Items from a dataset
-- Opening Marker --
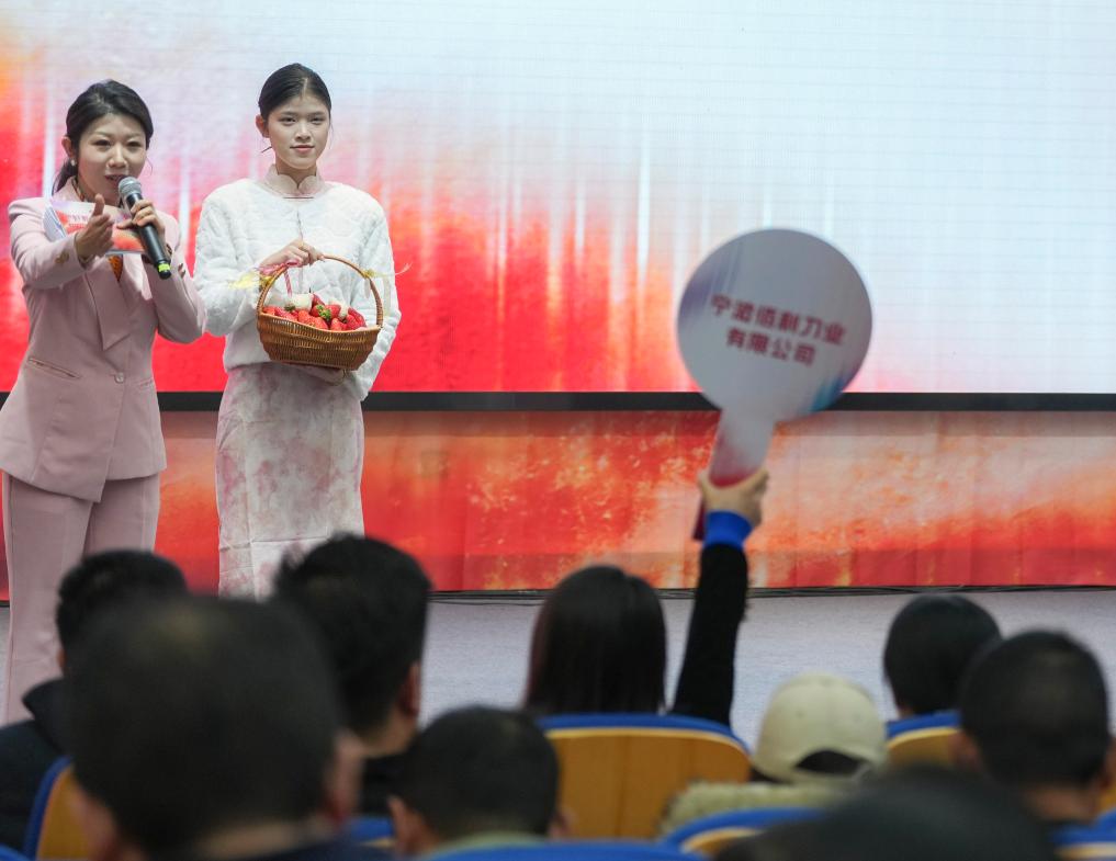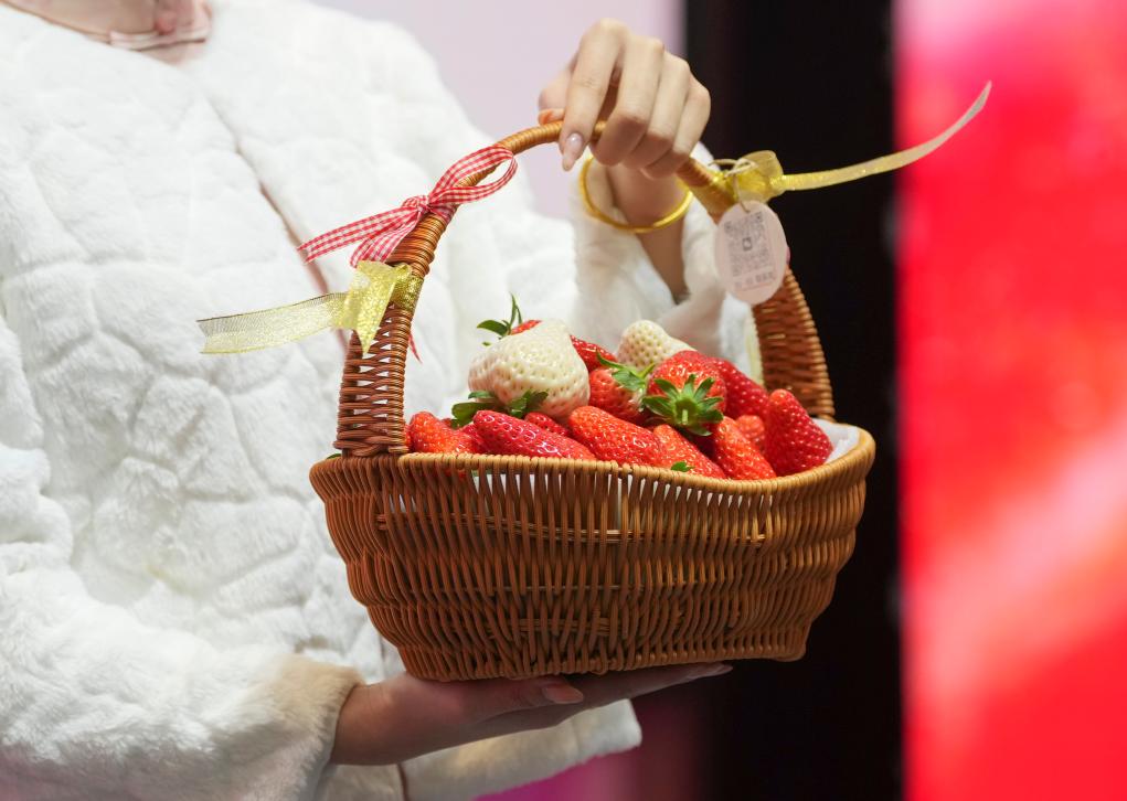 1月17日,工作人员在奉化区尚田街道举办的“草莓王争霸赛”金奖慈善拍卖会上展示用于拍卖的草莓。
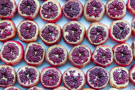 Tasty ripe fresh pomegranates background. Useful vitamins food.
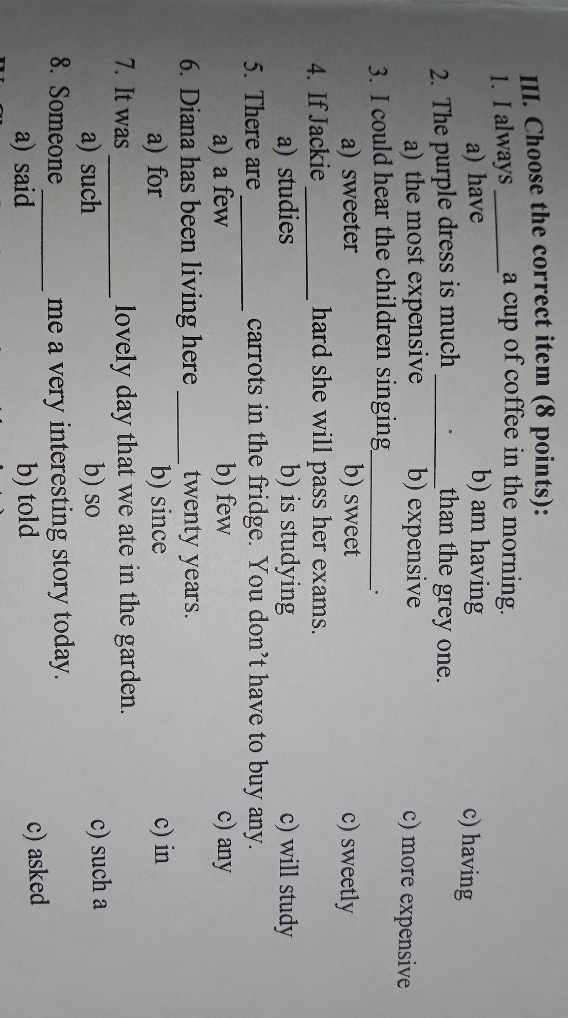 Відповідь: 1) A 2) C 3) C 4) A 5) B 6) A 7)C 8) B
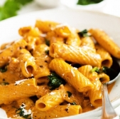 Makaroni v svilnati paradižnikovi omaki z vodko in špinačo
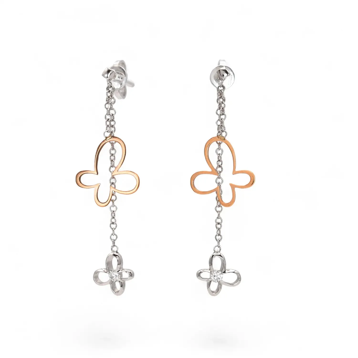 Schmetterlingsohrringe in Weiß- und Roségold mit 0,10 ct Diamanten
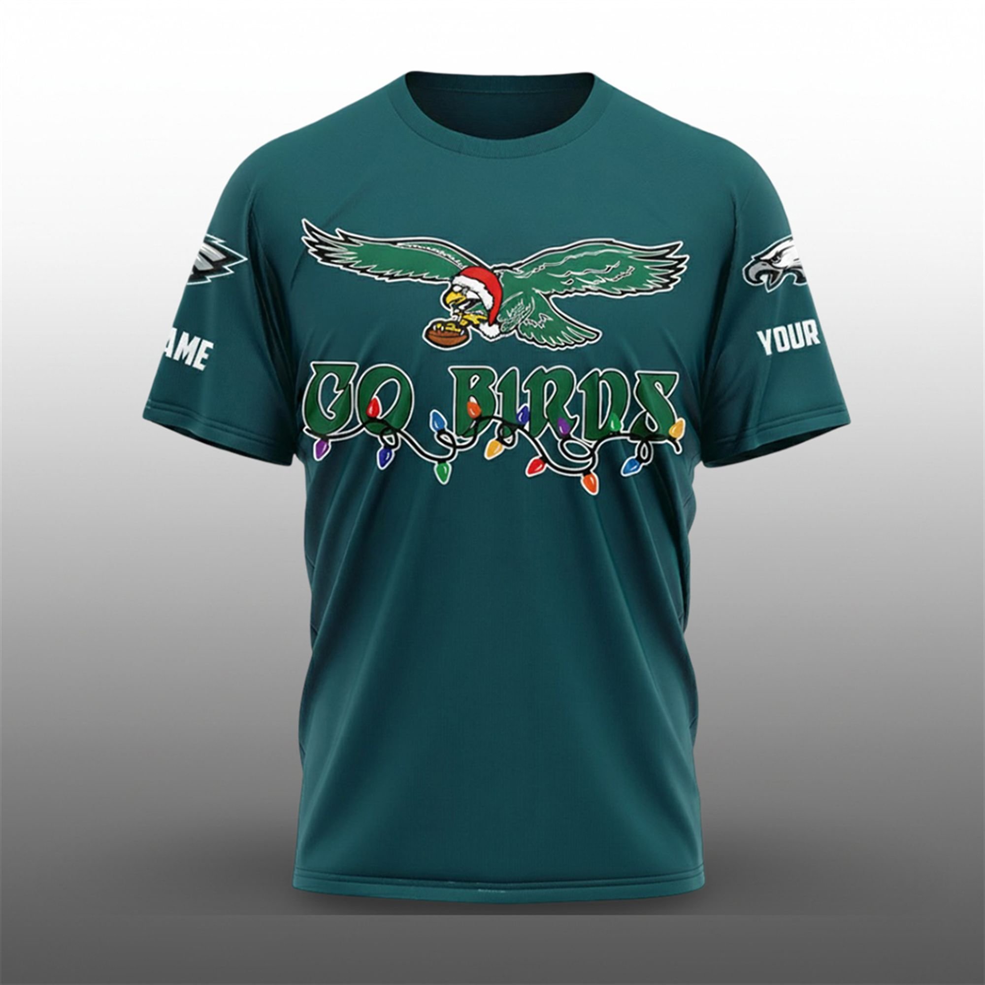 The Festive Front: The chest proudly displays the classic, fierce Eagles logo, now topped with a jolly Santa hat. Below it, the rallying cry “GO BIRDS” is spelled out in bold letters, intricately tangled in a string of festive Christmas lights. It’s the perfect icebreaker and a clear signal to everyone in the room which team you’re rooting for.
-- Closing Marker --
▸ **Exercise instructions**:
In the entries above, find the line containing "Відповідь: 1) A", then please retype it and every line after it through the last, exactly as written, omitting pictures.

▸ **Your response**:
 Відповідь: 1) A 2) C 3) C 4) A 5) B 6) A 7)C 8) B
 Makaroni v svilnati paradižnikovi omaki z vodko in špinačo
 Schmetterlingsohrringe in Weiß- und Roségold mit 0,10 ct Diamanten
 The Festive Front: The chest proudly displays the classic, fierce Eagles logo, now topped with a jolly Santa hat. Below it, the rallying cry “GO BIRDS” is spelled out in bold letters, intricately tangled in a string of festive Christmas lights. It’s the perfect icebreaker and a clear signal to everyone in the room which team you’re rooting for.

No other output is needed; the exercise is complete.